Rob Cunningham, senior policy analysts for the Canadian Cancer Society, told the Montreal Gazette that the trial is “a chance to find out what the industry knew, when they knew it and how they used the information.” A daily blog is available for updates on the trial, which is expected to last at least two years, at http://tobaccotrial.blogspot.com
Jury in Miami Assesses $25 Million in Punitive Damages Against Tobacco Firm in an Engle Progeny Trial
Tuesday, March 6th, 2012
FOR IMMEDIATE RELEASE
Contact: Edward L. Sweda, Jr. (617) 373-8462
A Florida state jury today assessed $25 million in punitive damages against Lorillard Tobacco Co. for its reprehensible misconduct involving the lung cancer death of Coleman Alexander. His widow Dorothy, a retired nurse who brought a wrongful death lawsuit against the company, was awarded $20 million in compensatory damages last week.
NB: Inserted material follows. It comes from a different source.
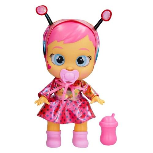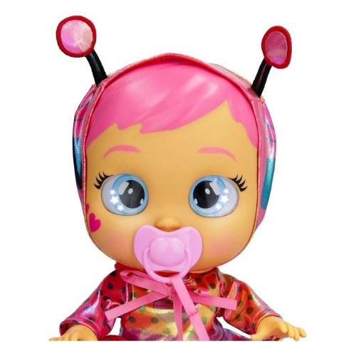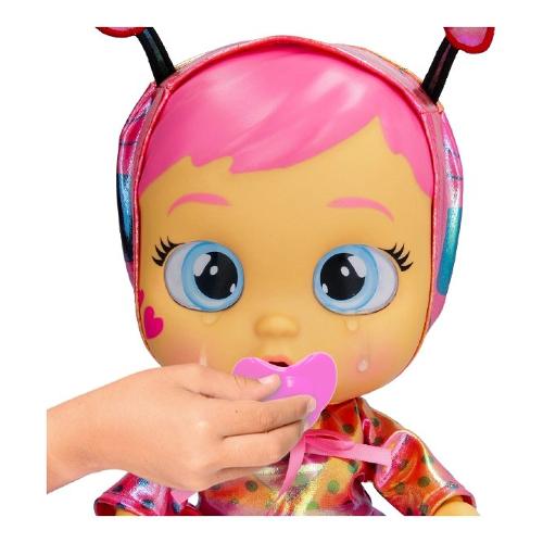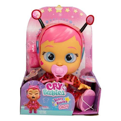 La nuova cry babies star babies brilla come stelle! Indossano uno speciale vestito iridescente! Hanno una faccia più morbida e capelli dipinti. Come tutti i cry babies, piange lacrime vere senza il suo ciuccio. Rimettil e smetterà di piangere. Inoltre, quando togli il ciuccio come per magia le stelle nei suoi occhi si illumineranno ogni volta che piange. Include anche un biberon per calmarla!

Edward L. Sweda, Jr., Senior Attorney for the Public Health Advocacy Institute (PHAI) which is based at Northeastern University School of Law in Boston, was delighted by the jury’s verdict. “This jury was justifiably outraged by the reprehensible behavior of Lorillard, whose actions were found to be a legal cause of Mr. Alexander’s death from lung cancer,” Sweda said. “The award is absolutely appropriate given the facts of what Lorillard has done,” he added.
Mark Gottlieb, who directs PHAI, noted that, “the liability shadow hanging over the cigarette industry won’t go away with thousands of more cases lined up for trial in Florida and beyond.”
Coleman Alexander died in 1995 from small cell lung cancer after having smoked for more than 40 years. One of the brands he had smoked, Kent, was manufactured by Lorillard. The jury last week found that Mr. Alexander was addicted to cigarettes containing nicotine and that his addiction was a legal cause of his death.
Since February 2009, verdicts (not counting mistrials) in Engle Progeny trials in Florida have been 41 for plaintiffs and 19 for the tobacco companies, for a winning percentage for the plaintiffs of 68.3%. One of those 41 plaintiff verdicts has been overturned on appeal.
Dorothy Alexander is represented by Alex Alvarez of the Alvarez Law Firm, by Gary Paige of the Paige Law Firm and by Jordan Chaikin of Parker Waichman LLP. The case is The Estate of Coleman Alexander v. Lorillard Tobacco Co., case number 2007-046830-CA-01.
The Public Health Advocacy Institute (PHAI) is based at Northeastern University School of Law in Boston, MA. PHAI is an independent federally recognized non-profit charity.